= San Domenico, Narni =

Building in Narni, Italy

San Domenico is a Romanesque style church located on via Mazzini in the center of the town of Narni in the province of Terni, region of Umbria, Italy.

==History==
The church was erected putatively at the site of a pagan temple dedicated to Minerva. This church was once the town's cathedral and dedicated to Santa Maria Assunta. It was rededicated to St Dominic and assigned to monks of the Dominican order in 1304. The church has undergone a number of refurbishments. The stone facade has an eclectic collection of Romanesque sculpture with both plants, animals, and framed busts of the apostles. The windows vary in size. The interior has three naves, divided by broad pillars. On the walls of the nave are frescoes dating from the 13th to the late 16th century. The second pillar has a fresco depicting the Crucifixion attributed to the Master of the Dormition.
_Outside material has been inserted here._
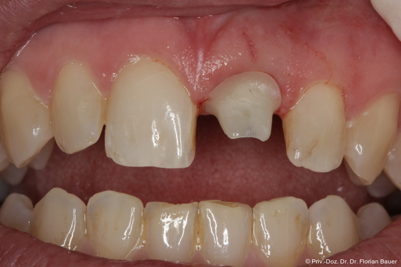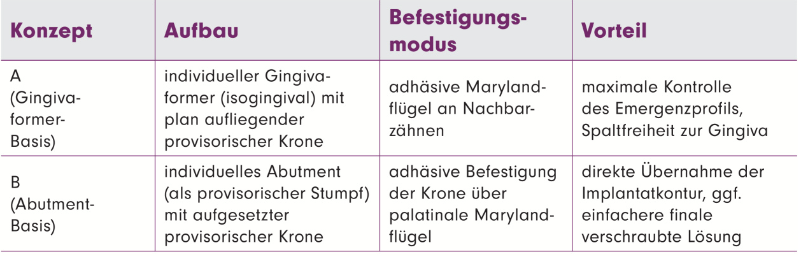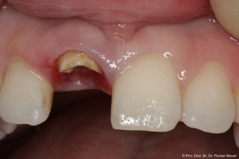 Die sofortige Implantation nach Zahnextraktion im ästhetisch anspruchsvollen Frontzahnbereich stellt eine besondere Herausforderung dar. Um eine optimale Versorgung zu gewährleisten, ist eine multidisziplinäre Herangehensweise erforderlich, die sowohl die Retention des Weichgewebes als auch die mechanische Stabilität des frisch gesetzten Implantats berücksichtigt. Aufgrund der anfänglich niedrigen stabilen Verankerung im Kieferknochen ist eine Übergangsphase ohne funktionale Belastung entscheidend für den erfolgreichen Heilungsprozess und die Osseointegration des Implantats.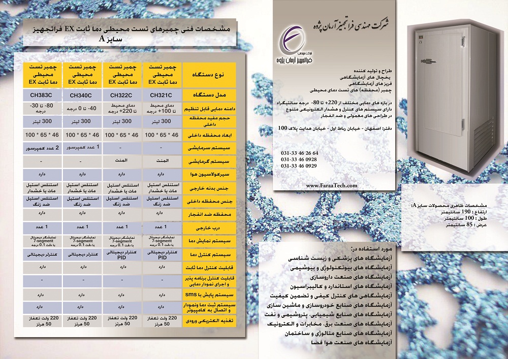 مشخصات محصول محفظه تست محیطی دما ثابت ضدانفجار مدل CH383C

On the left-hand nave, a fresco depicts the Virgin and child with Saints Dominic and Thomas attributed to followers of Pier Matteo d'Amelia. A marble tabernacle once in the church attributed to followers of Agostino di Duccio, has been moved to the Pinacoteca Civica.

The Chapel of the Rosary was frescoed by late 15th century by Flemish artists with stories from Genesis. The crypt likely dates to before the 12th century.